Aussie AI

Chapter 19. Supportability

  • Book Excerpt from "Safe C++: Fixing Memory Safety Issues"
  • by David Spuler

What is Supportability?

Supportability refers to making it easier to support your customers in the field. This means making it easier for your customers to solve their problems, and also making it easier for your phone support staff whenever customers call in.

Hey! I have an idea: how about you build an AI chatbot that knows how to debug your software? Umm, sorry, rush of blood to the head.
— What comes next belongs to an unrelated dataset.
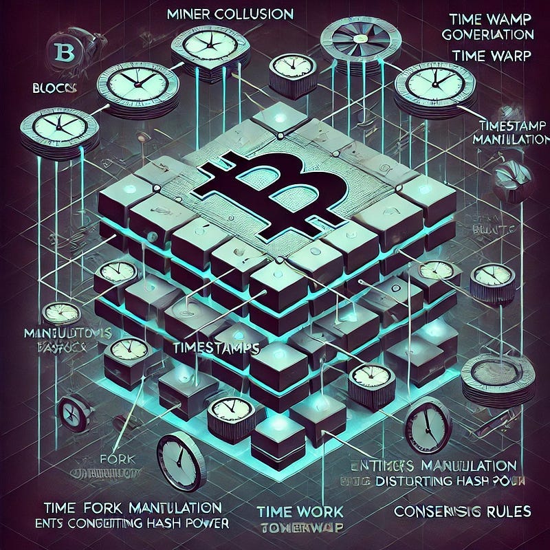 Bitcoin’s difficulty adjustment relies on block timestamps. Miners can manipulate timestamps to skew the adjustment algorithm, either slowing or speeding up difficulty recalibration.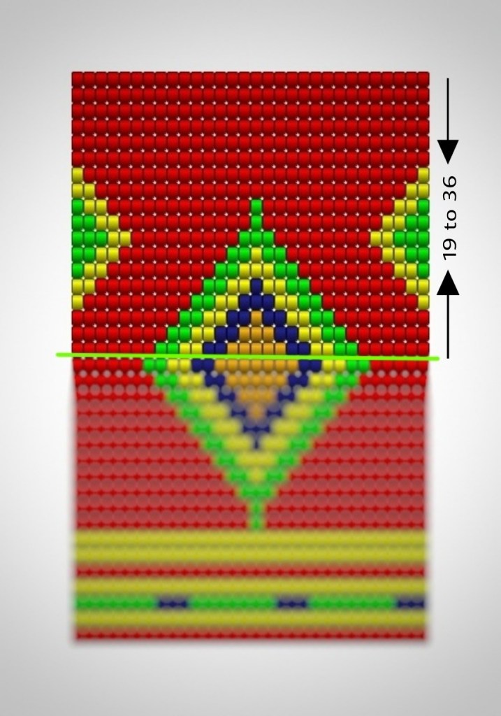 20 stitches before the end, cut yarn color E. 15 stitches before the end, cut yarn color D. 10 stitches before the end, cut yarn color B. At the end of the Row, cut yarn colorA.

Some of the areas where the software's design can help both customers and support staff include:

  • Easy method to print the program's basic configuration, version, and platform details (e.g., either an interactive method or they're logged to a file).
  • Printing important platform stats (e.g., what CPU/GPU acceleration was found by the program, what is sizeof int, and so on).
  • Self-check common issues. Don't just check for input file not found. You can also check if it was empty, blanks only, zero words, punctuation only, wrong character encoding, and so on.
  • Verbose and meaningful error messages. Assume every error message will be seen by customers.
  • Specific error messages. Lazy coders group two failures: “ERROR: File not found or empty.” Which is it?
  • Unique codes in error messages.
  • Documenting your error messages in public help pages or by making your online support database world-public (gasp!).
  • Retain copies of all shipped executables, with and without debug information, as part of your build and release process, so you can postmortem debug later.
  • Have a procedure whereby customers can upload core files to support.
  • Documentation for customers about how to run the support/debug features of the software, how to run self-diagnostics, or how to locate the tracing logs or other supportability features.
  • Documenting post-mortem procedures, such as gdb on a core file, as customers aren't necessarily engineers.
  • Not crashing in the first place. Fix this by writing perfect code, please.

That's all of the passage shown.